Search code examples
perlsearchparsingcontext-free-grammardbix-class

Parsing a Gmail-style advanced search syntax?


I want to parse a search string similar to that provided by Gmail using Perl. An example input would be "tag:thing by:{user1 user2} {-tag:a by:user3}". I want to put it into a tree structure, such as

{and => [
    "tag:thing",
    {or => [
       "by:user1",
       "by:user2",
    ]},
    {or => [
       {not => "tag:a"},
       "by:user3",
    ]},
}

The general rules are:

  1. Tokens separated by space default to the AND operator.
  2. Tokens in braces are alternative options (OR). The braces can go before or after the field specifier. i.e. "by:{user1 user2}" and "{by:user1 by:user2}" are equivalent.
  3. Tokens prefixed with a hyphen are excluded.

These elements can also be combined and nested: e.g. "{by:user5 -{tag:k by:user3}} etc".

I'm thinking of writing a context-free grammar to represent these rules, and then parsing it into the tree. Is this unnecessary? (Is this possible using simple regexps?)

What modules are recommended for doing parsing context-free grammars?

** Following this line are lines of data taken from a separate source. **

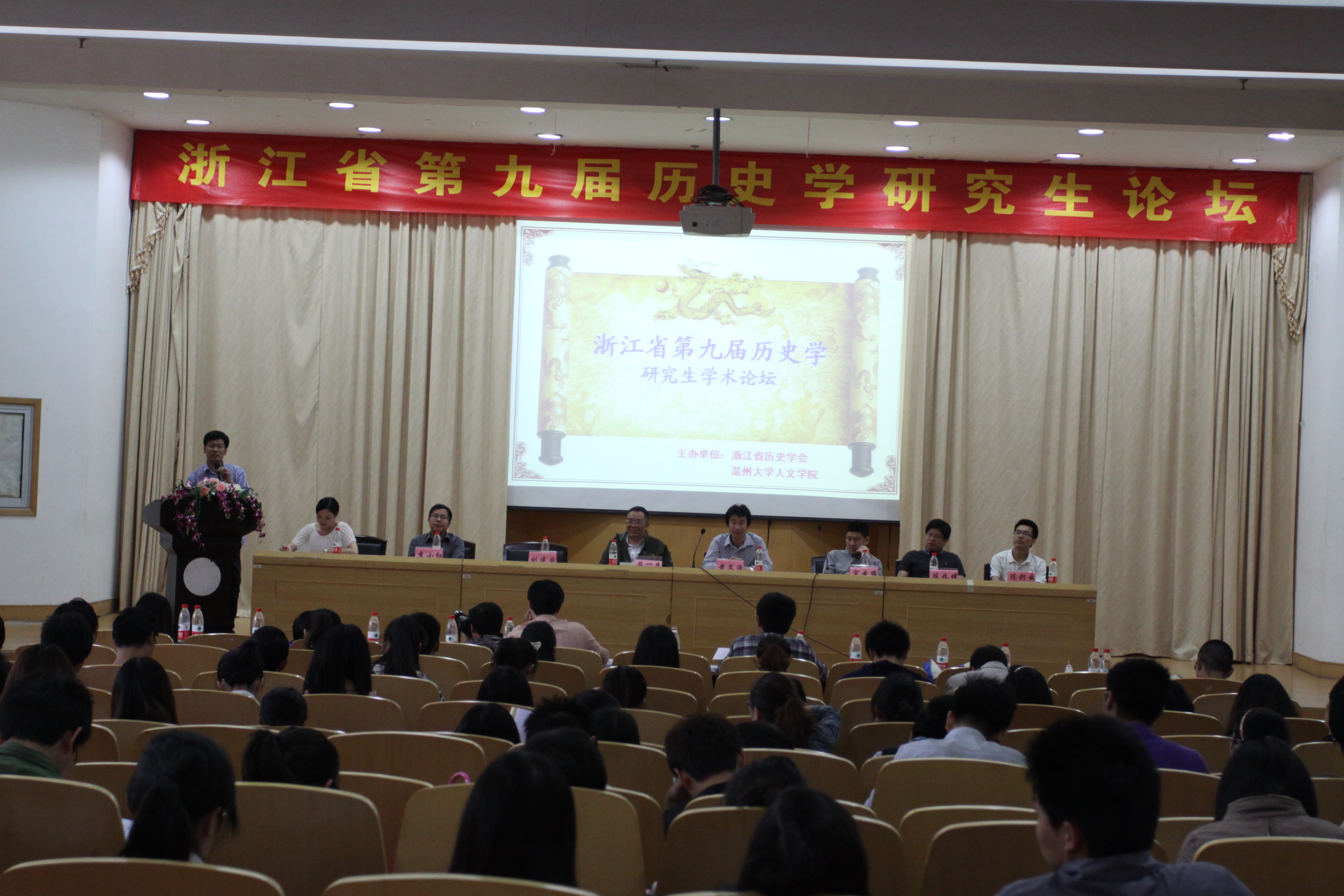 2012年5月5日上午,由浙江省历史学会和九色視頻 联合举办的,为期两天的浙江省第九届历史学研究生学术论坛在我校会展中心雁山厅开幕。来自浙江大学、浙江师范大学、杭州师范大学、宁波大学、浙江工商大学和九色視頻 省内六所高校的近百位历史学师生齐聚本次论坛。
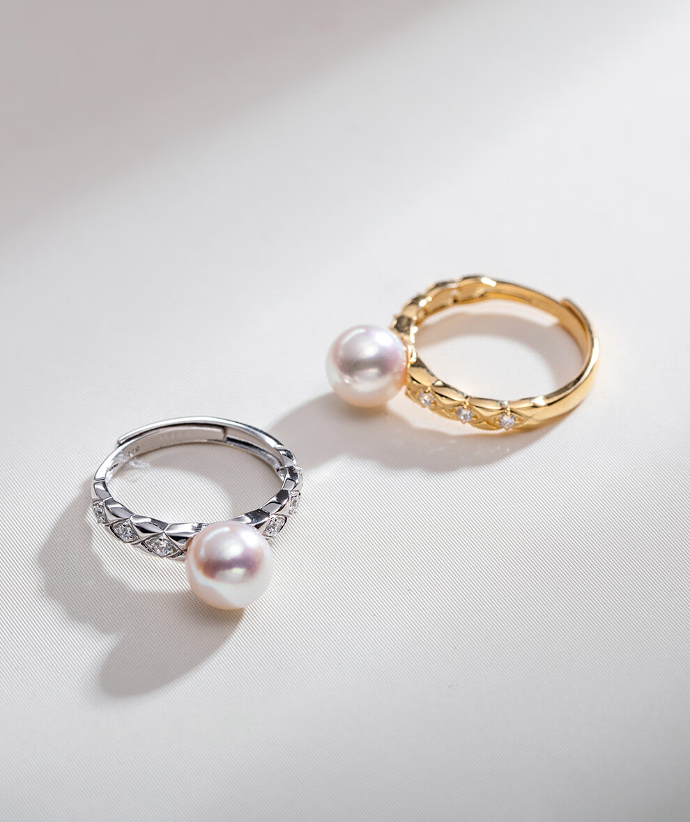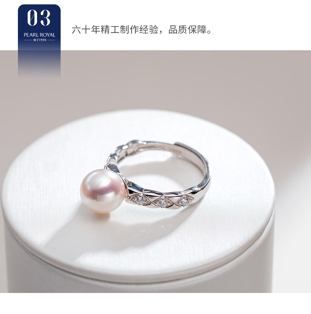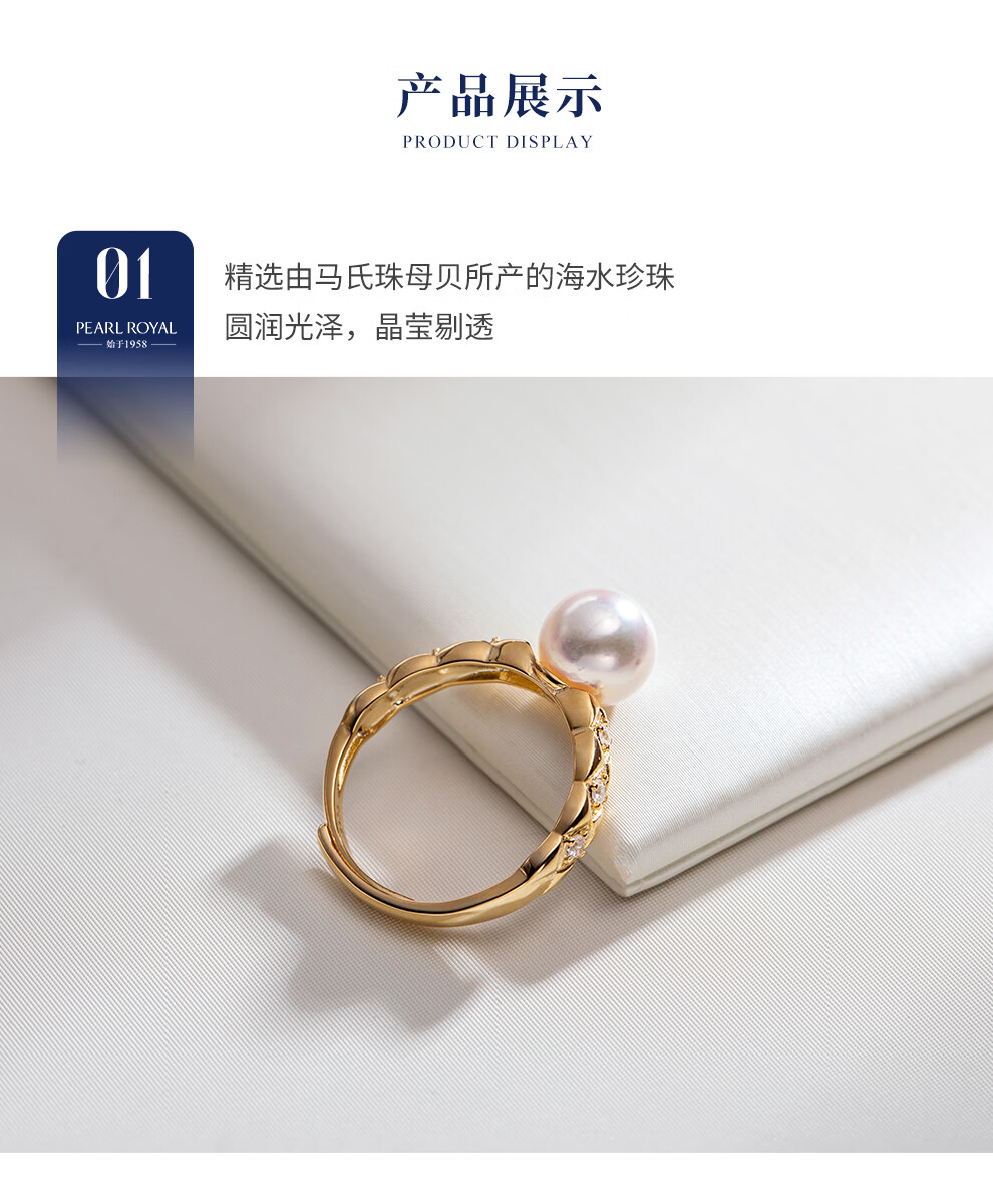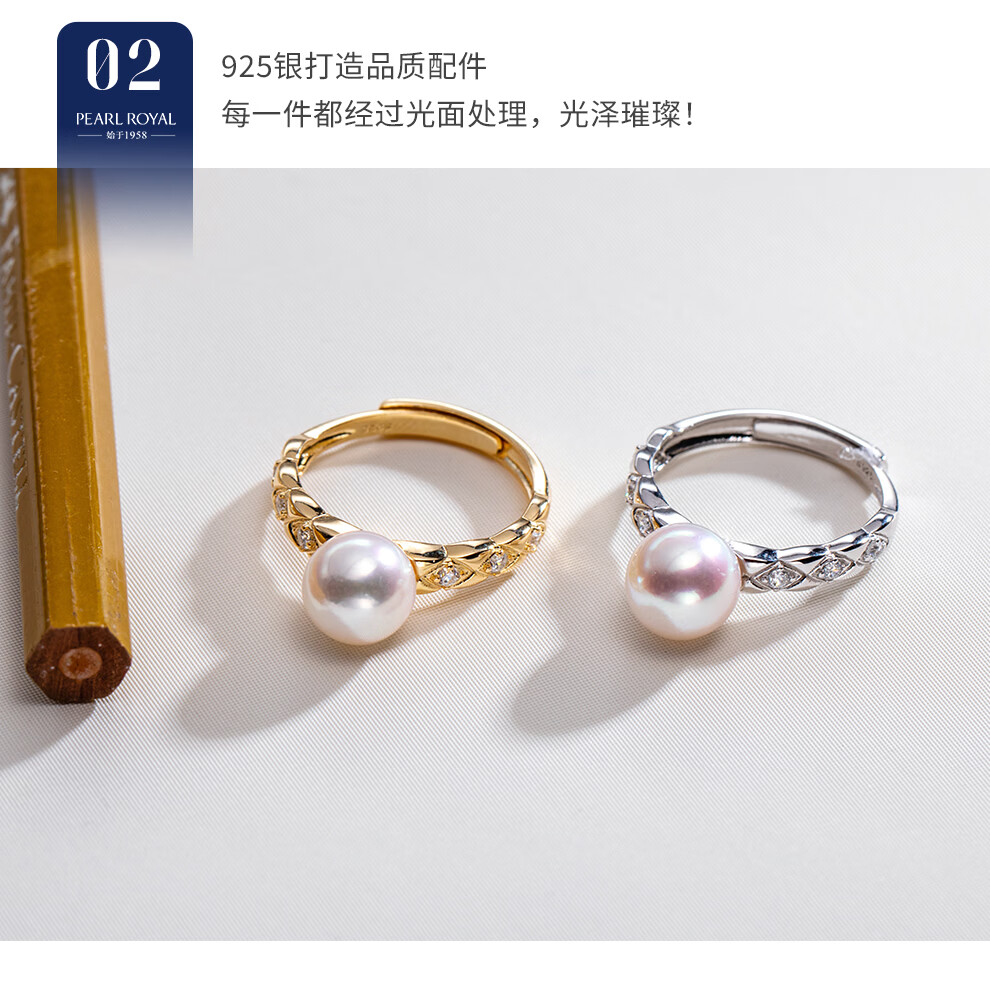 南珠宫菱辉925银海水珍珠戒指职场百搭高级感生日礼物送女友 金色款 8.0-8.5mm
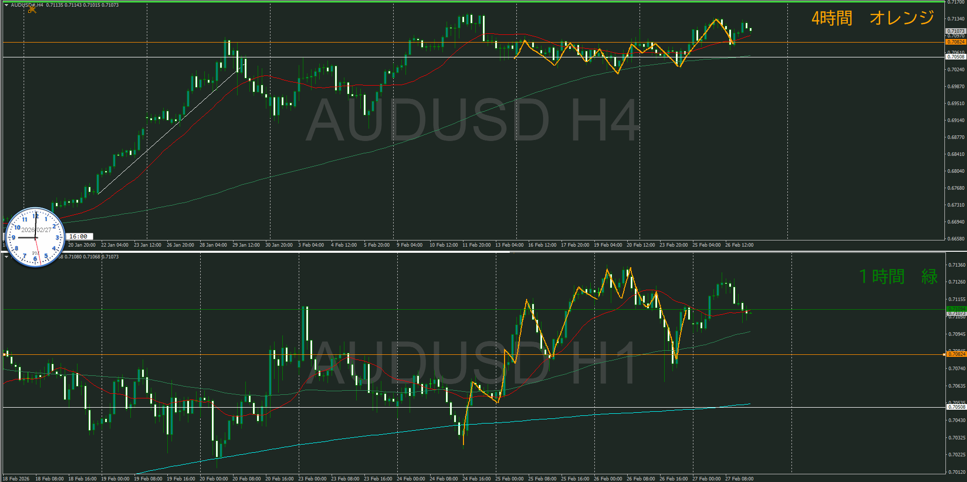 テクニカル的には、1時間の押し目買い待ち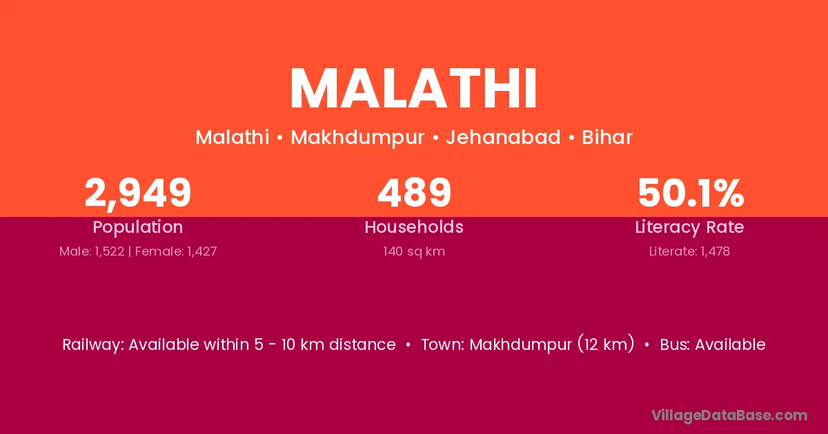 Makhdumpur (12 km) is the nearest town to Malathi village for major economic activities and is located approximately 12 km away.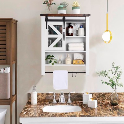Bathroom Storage Cabinet with Sliding Barn Door - Over Toilet Organizer, Adjustable Shelf, Farmhouse Style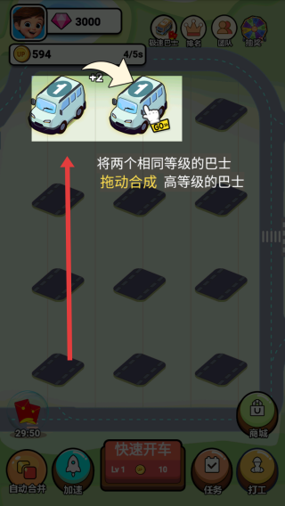 3、當(dāng)出現(xiàn)兩輛同等級(jí)巴士時(shí),拖動(dòng)它們至同一位置合成高等級(jí)巴士,提升車隊(duì)實(shí)力,同時(shí)留意金幣與鉆石積累,為巴士升級(jí)和擴(kuò)張儲(chǔ)備資源。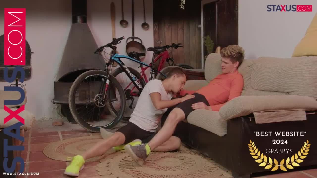 Two cute cyclists bang hard after a sweaty ride on staxus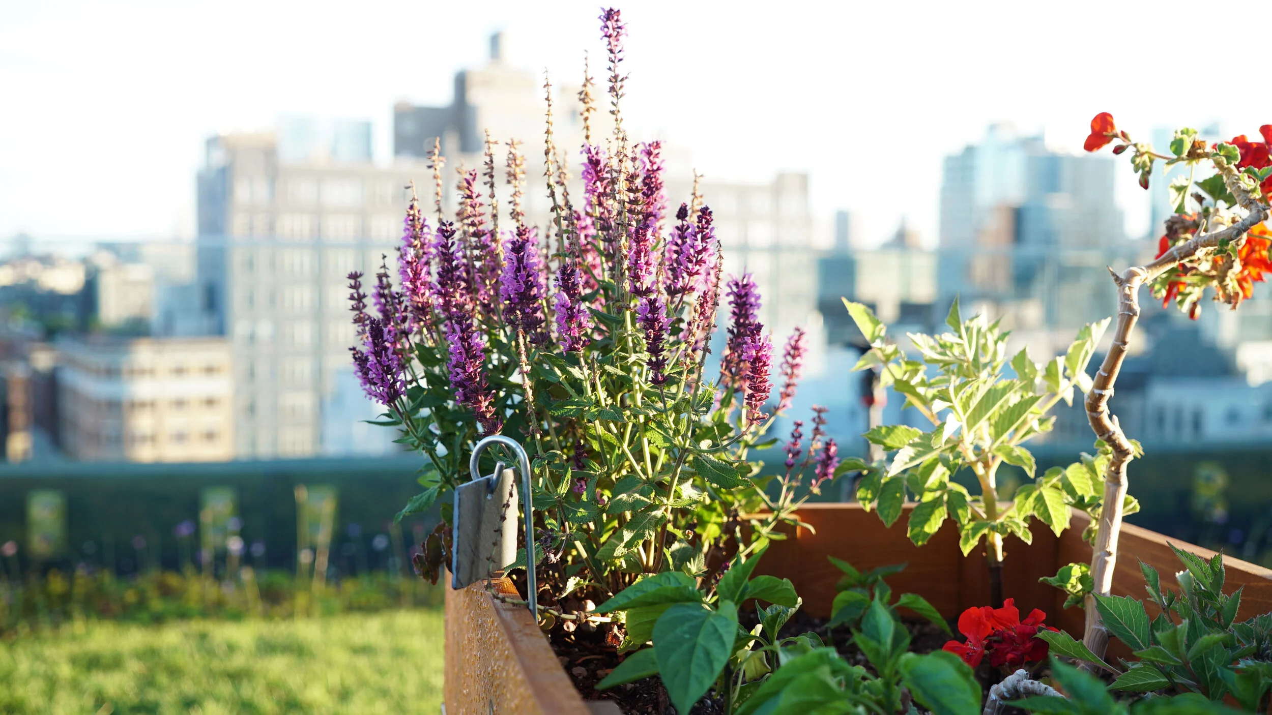 Built in 2019, this 1,900sf green roof includes a lawn, sedum planters, and a mix of flowers and small shrubs that reflect the unique creativity of the space’s residents.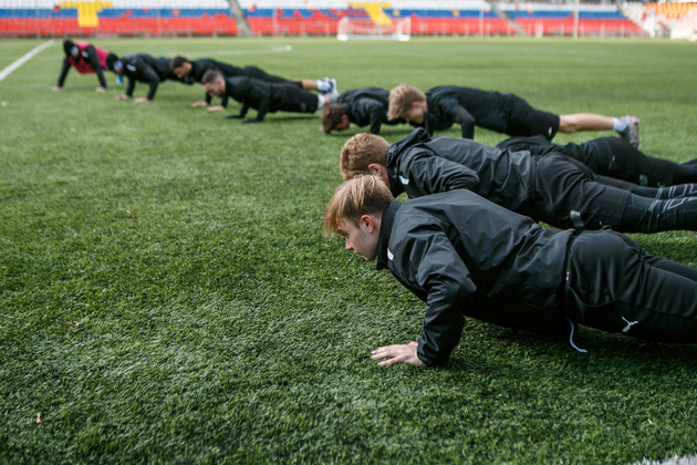 Видно, как с каждым этапом тренировки нарастает драйв, как игроки от 17-ти до 30-ти лет одинаково входят в раж.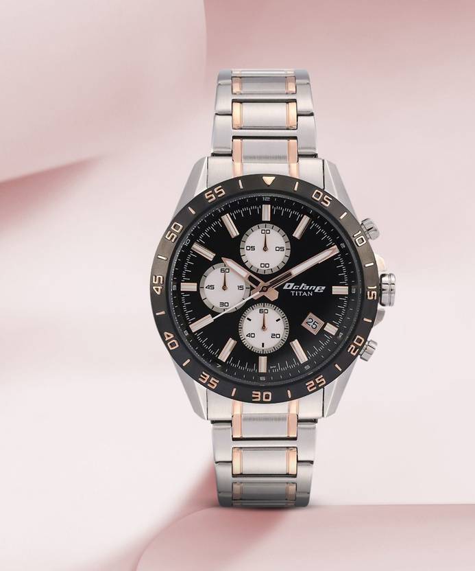Titan NP90106KM02 Titan Octane Chronograph Black Dial Silver & Rose Gold SS Strap Analog Watch - For Men & Women
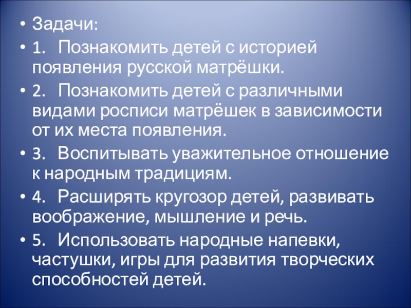 Задачи:1.	Познакомить детей с историей появления русской матрёшки.2.	Познакомить детей с различными видами росписи матрёшек в зависимости от их

(Eventually this will be used to generate an database query with DBIx::Class.)


Solution

  • Regex doesn't do nested things (like parenthesis) very well. By the time you get your regex counting parenthesis and capturing correctly, you could probably have a decent CFG parser. CFGs can logically guarantee correct parsing, while with a regex solution you're leaving a lot up to the magic. I can't recommend any Perl CFG libaries, but coding one sounds very cathartic.